» YOUR GOAL
A faithful copy of the entries is required, with no images in it.

(Stored dataset items)
****

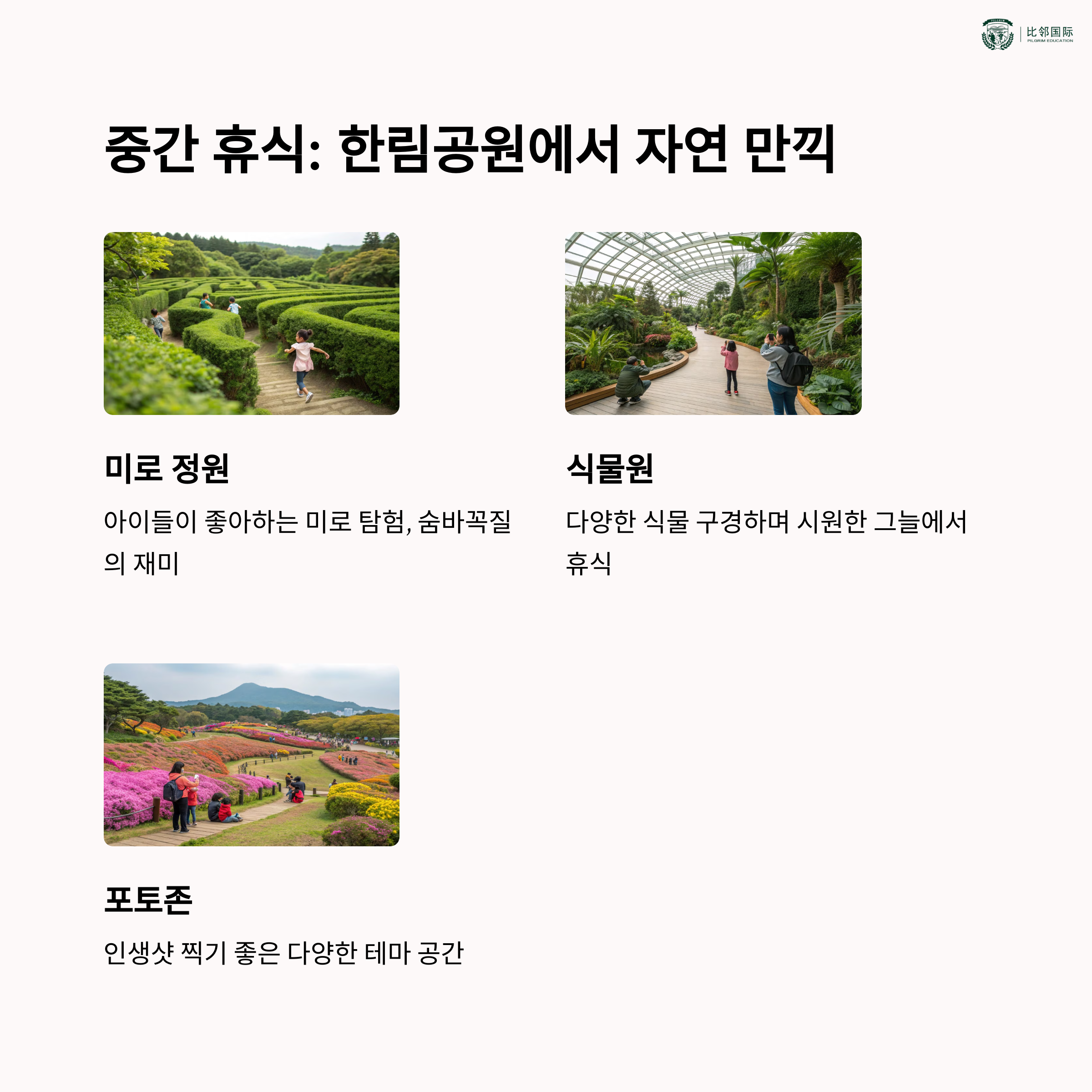 | 여행 시간에 따라 유연한 동선 구성이 가능해요 | 아이와 어른 모두를 고려한 구성 | 동→남→서쪽 순으로 효율적 동선 구성 |
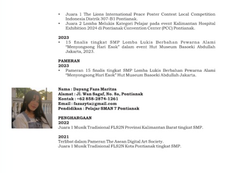 • Juara 2 Lomba Melukis Kategori Pelajar pada event Kalimantan Hospital
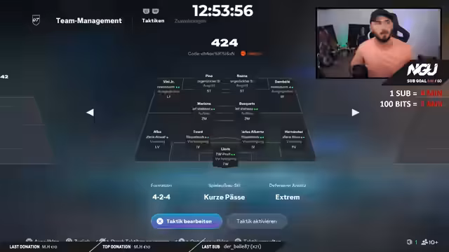 06:14:42Der Streamer präsentiert seine neuesten Afterpatch-Taktiken, da viele Zuschauer danach gefragt haben. Er hat fünf verschiedene Taktiken, darunter eine Offensiv-Taktik für Rückstände, normale Taktiken zum Wechseln und seine „Monster-Rote“. Er betont, dass die Zuschauer die Taktiken finden sollen, die am besten zu ihnen passen, und dass diese Präsentation auch auf YouTube verfügbar sein wird. Der NGU Subathon läuft täglich von 18 Uhr bis 3 Uhr morgens auf YouTube und Twitch. Er beginnt mit der 4-4-2-Taktik, die seine absolute Haupttaktik ist und sich nach dem Patch als extrem gut erwiesen hat, sowohl defensiv kompakt als auch flexibel in der Offensive über Flügel und Mitte. Er verwendet immer noch eine Tiefe von 55, plant aber, in Zukunft auch höhere Tiefen wie 70 oder 90 auszuprobieren, da aktiveres Verteidigen seit dem letzten Patch wichtiger geworden ist.
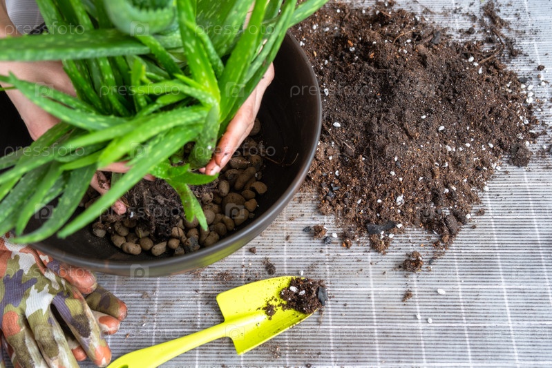 Посадка, пересадка и размножение — это отделение деток растения Алоэ Вера. Суккулент на столе, горшке, почве, совок
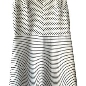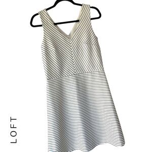 Stylish LOFT dress with a flattering V-neck. Features black stripes on a white background. Perfect for any occasion.

****

» TASK RESPONSE
 | 여행 시간에 따라 유연한 동선 구성이 가능해요 | 아이와 어른 모두를 고려한 구성 | 동→남→서쪽 순으로 효율적 동선 구성 |
 • Juara 2 Lomba Melukis Kategori Pelajar pada event Kalimantan Hospital
 06:14:42Der Streamer präsentiert seine neuesten Afterpatch-Taktiken, da viele Zuschauer danach gefragt haben. Er hat fünf verschiedene Taktiken, darunter eine Offensiv-Taktik für Rückstände, normale Taktiken zum Wechseln und seine „Monster-Rote“. Er betont, dass die Zuschauer die Taktiken finden sollen, die am besten zu ihnen passen, und dass diese Präsentation auch auf YouTube verfügbar sein wird. Der NGU Subathon läuft täglich von 18 Uhr bis 3 Uhr morgens auf YouTube und Twitch. Er beginnt mit der 4-4-2-Taktik, die seine absolute Haupttaktik ist und sich nach dem Patch als extrem gut erwiesen hat, sowohl defensiv kompakt als auch flexibel in der Offensive über Flügel und Mitte. Er verwendet immer noch eine Tiefe von 55, plant aber, in Zukunft auch höhere Tiefen wie 70 oder 90 auszuprobieren, da aktiveres Verteidigen seit dem letzten Patch wichtiger geworden ist.
 Посадка, пересадка и размножение — это отделение деток растения Алоэ Вера. Суккулент на столе, горшке, почве, совок
 Stylish LOFT dress with a flattering V-neck. Features black stripes on a white background. Perfect for any occasion.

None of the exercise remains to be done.